M/F - Берджесс Энтони 8 стр.


- На площади Дагоберта, где ярмарка, - сказал человек помоложе, с дергающейся левой рукой.

Полицейский уже почти поднял мистера Память на ноги, держа одной рукой за воротник, а другой - за штаны на седалище. Выходя наружу, я еще успел услышать:

- Когда вернешься в участок, спроси, что они сделали с Губбио, Витторини и Серафино Старки. Грязный, нечищеный ноготь кровавых репрессий…

Я вышел на улицу, слепо щурясь на солнце. Площадь Дагоберта? Прохожие охотно меня направляли, тыча пальцем в нужную сторону и темпераментно размахивая руками. Хорошие люди, отзывчивые и любезные, с такой неуемной, кипучей энергией. Я прошел по мощенной булыжником улочке, мимо закрытой типографии, свернул на улицу, где какие-то мужчины под дружную песню сыпали зерна тмина на круглые караваи, которые другие мужчины смазывали яичным белком, и вышел на прямоугольную площадь с двумя барочными фонтанами (напряженные, словно сведенные судорогой каменные мышцы и разверстые в танталовых муках рты, пытавшиеся схватить недоступную воду) и рядами временных ярмарочных прилавков. Здесь продавались обычные вещи - уцененная детская одежда, футбольные бутсы, сахарная вата - и работали незамысловатые игровые аппараты и тиры. Веселые люди по большей части смеялись в лицо зазывалам и просто ходили, глазели, облизывая вафельные рожки с мороженым. Я нашел относительно тихое местечко и занял его. Мне нужна была сцена, и я выпросил на время - посредством немой пантомимы, потому что торговец за ближайшим прилавком говорил исключительно по-каститски - три пустых крепких ящика из-под "Кукукугу" (не такая уж и новинка: напиток уже появился и на Карибах). Взгромоздившись на свои подмостки, я объявил громким голосом:

- Мистер Память-младший уже здесь! Задавайте вопросы! Любые, любые, любые вопросы!

Вскоре ко мне подошла небольшая компания робких хихикающих юнцов. Они были как бы со мной, но при этом и не со мной: с тем же успехом они могли бы пребывать где-нибудь в другом месте, никто не смотрел мне в глаза, никто не бросал мне вызов. А потом какой-то мужик средних лет, не вполне трезвый, крикнул издалека:

- Как сделать, чтобы жена на меня не ругалась?

- Заткните ей рот поцелуями, - выкрикнул я в ответ. - Утомите любовью.
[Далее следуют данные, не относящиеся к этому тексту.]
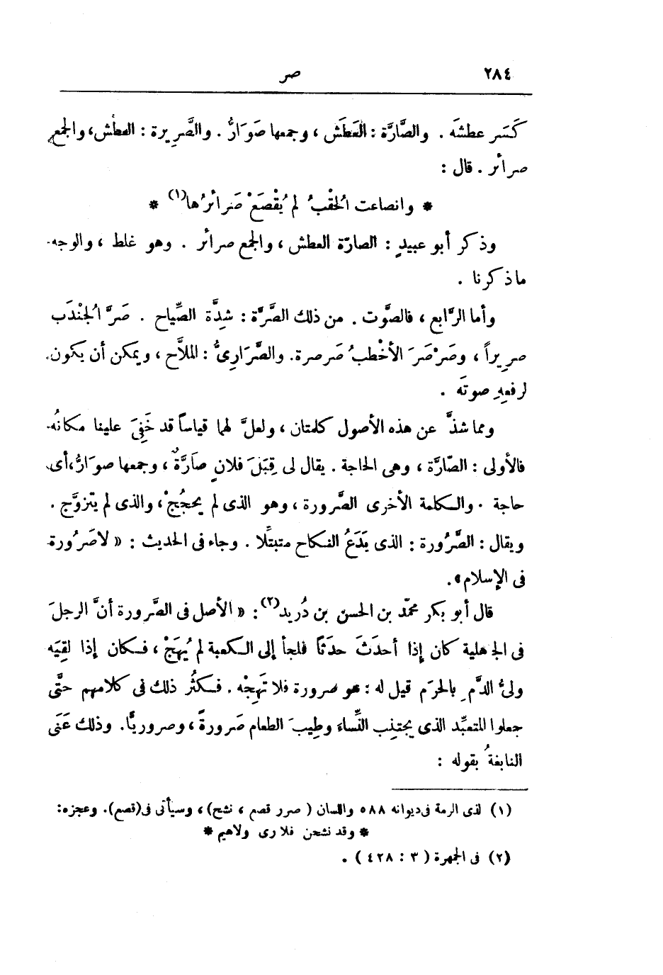 وَمِمَّا شَذَّ عَنْ هَذِهِ الْأُصُولِ كَلِمَتَانِ، وَلَعَلَّ لَهُمَا قِيَاسًا قَدْ خَفِيَ عَلَيْنَا مَكَانُهُ، فَالْأُولَى: الصَّارَّةُ، وَهِيَ الْحَاجَةُ. يُقَالُ: لِي قِبَلَ فُلَانٍ صَارَّةٌ، وَجَمْعُهَا صَوَارُّ، أَيْ حَاجَةٌ. وَالْكَلِمَةُ الْأُخْرَى الصَّرُورَةُ، وَهُوَ الَّذِي لَمْ يَحْجُجْ، وَالَّذِي لَمْ يَتَزَوَّجْ. وَيُقَالُ الصَّرُورَةُ: الَّذِي يَدَعُ النِّكَاحَ مُتَبَتِّلًا. وَجَاءَ فِي الْحَدِيثِ: «لَا صَرُورَةَ فِي الْإِسْلَامِ» .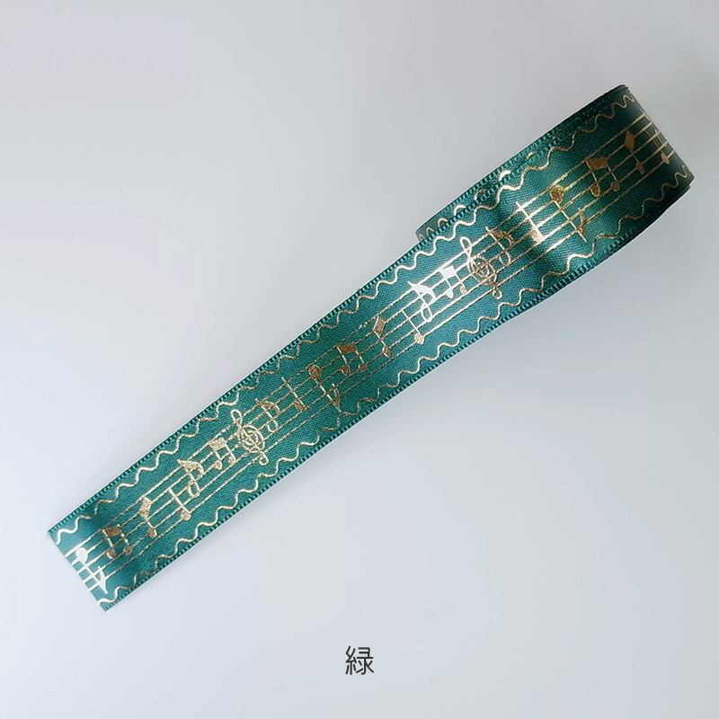 約2.5cm幅のサテン素材にゴールド基調の箔押しプリントがされたリボンです。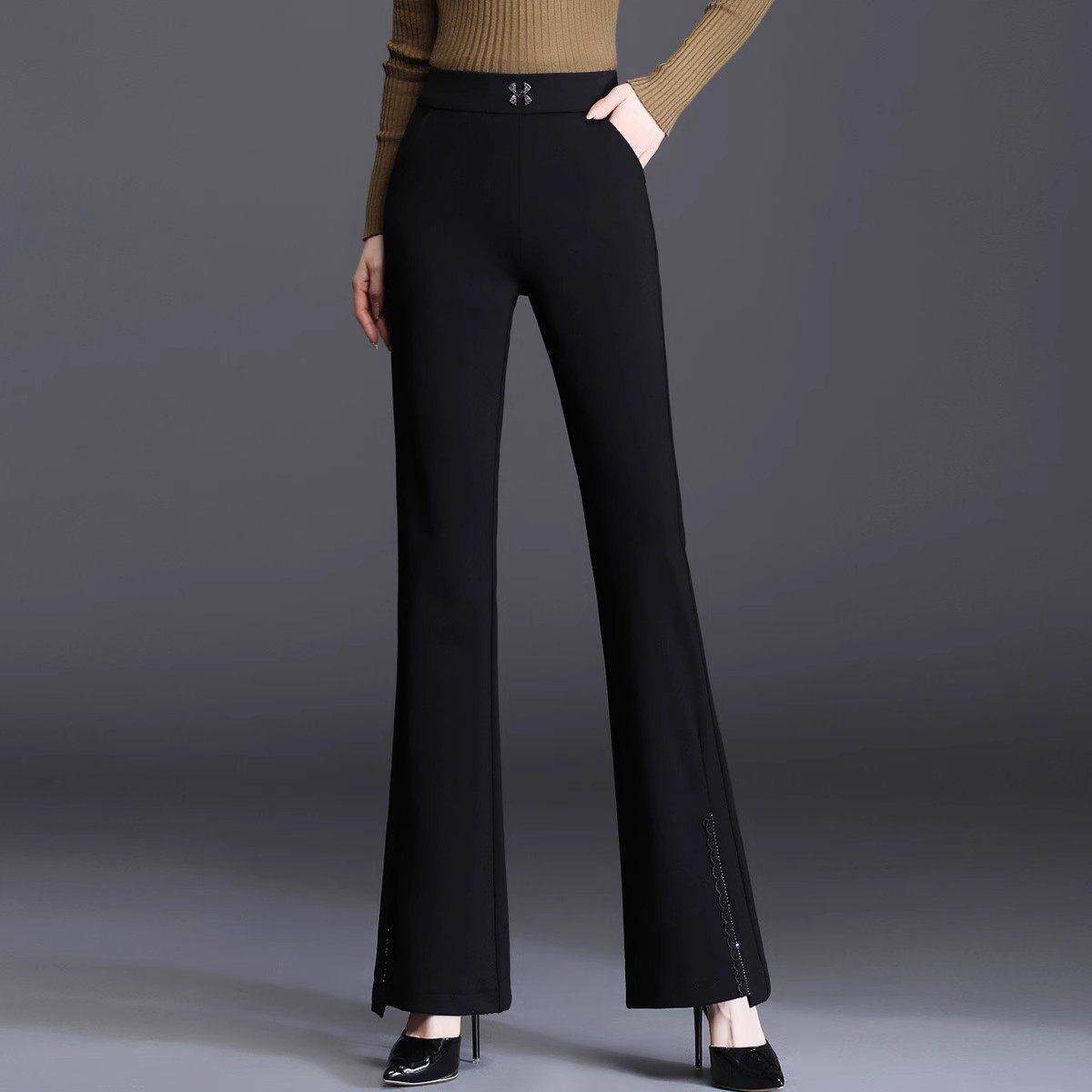 首页> 女装> 春秋黑色长裤女2025新款中年妈妈高腰微喇裤垂感显瘦松紧腰嗽叭裤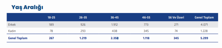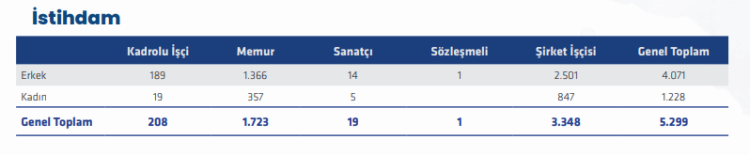 Paylaşılan verilere göre; 5 bin 299 çalışanın 4 bin 71'i erkek 1.228'i kadınlardan oluşuyor.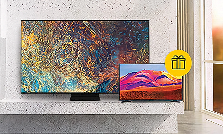 Например, при покупке 75-дюймового QN87A Neo QLED 4K Smart TV 2021 за 279 990 рублей предлагается 43-дюймовый Crystal UHD 4K Smart TV AU9010 Series 9 (UE43AU9010UXRU), который отдельно стоит 46 990 рублей. За 85-дюймовый QN85A Neo QLED 4K Smart TV 2021 (399 990 рублей) покупатель получит 55-дюймовый Q60A QLED 4K Smart TV 2021 (QE55Q60AAUXRU), который отдельно стоит 79 990 рублей, а если купить 85-дюймовый QN900A Neo QLED 8K Smart TV 2021 за 859 200 рублей, то можно получить 75-дюймовый Q60A QLED 4K Smart TV 2021 за 159 990 рублей.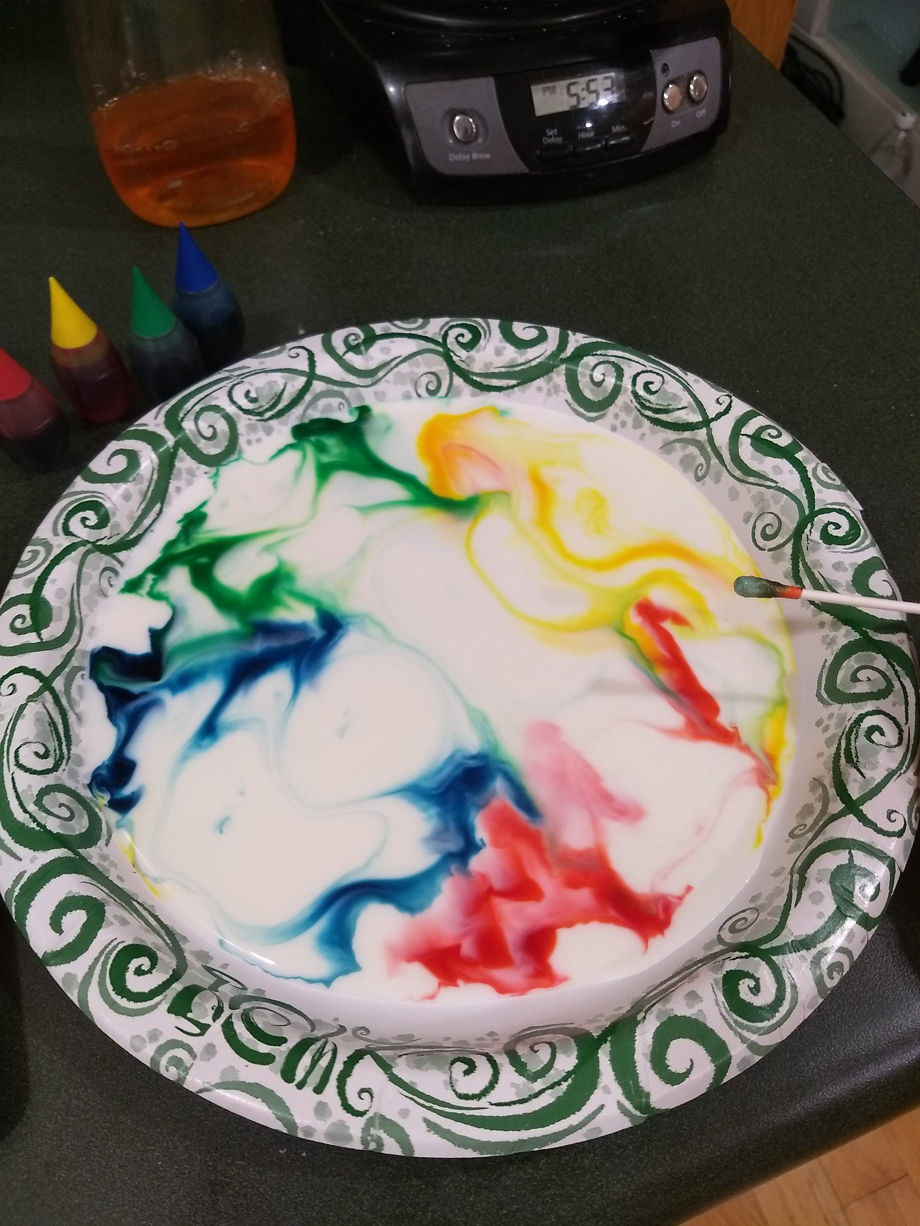 You made art. You were able to observe the normally invisible interactions between two substances by adding food coloring.

Раздался смех. Люди начали подходить. Какой-то школьник попробовал что-то спросить, но остальные его не расслышали. Я прокричал в полный голос:

- Этот юный джентльмен интересуется, когда появилось телевидение. Если он имеет в виду первую телепрограмму для широкой публики, то ответ будет: 13 июля 1930 года, в Англии, на механической телевизионной системе Бэрда.

На самом деле мальчик спросил, когда был открыт мультирасовый Университетский колледж в Солсбери, но ответа на этот вопрос я не знал. Зрители потихоньку преодолели смущение, и вопросы посыпались градом: первое сообщение азбукой Морзе? (24 мая 1844); эвакуация из Дюнкерка? (3 июня 1940 года, в годовщину смерти Гарвея, создавшего действующую до сих пор теорию кровообращения); древнее название столицы Болгарии? (Сердика, Триадица для византийских греков); двенадцатая годовщина свадьбы? (никелевая свадьба); краткая биография Че Гевары? (родился в Аргентине, воевал на Кубе, ушел в революцию в Гватемале); "Смерть после полудня"? (шампанское и перно, хорошо охлажденные); рекорд скорости по выпитому пиву? (Огюст Маффре, француз, уговорил 24 пинты за 52 минуты); восемь баллов по шкале Бофорта? (очень крепкий ветер; ветер ломает сучья деревьев; идти против ветра очень трудно); кто сказал, будто англичане считают, что цивилизация начинается с мыла? (немецкий философ Трейчке); артемизия? (полынь или правительница древнего города Галикарнаса); гуанако? (крупный вид ламы; используется как вьючное животное); международный генри? (единица измерения самоиндукции; равен 1,00049 абсолютного генри); чем лечить трипаносомоз? (трипарсамидом или сурамином); как избавиться от пятен сажи? (попробуйте четыреххлористый углерод); второе имя Эдит Ситуэлл? (Луиза); победитель дерби 1958 года? (Шенкель, жокей Ч. Смирк).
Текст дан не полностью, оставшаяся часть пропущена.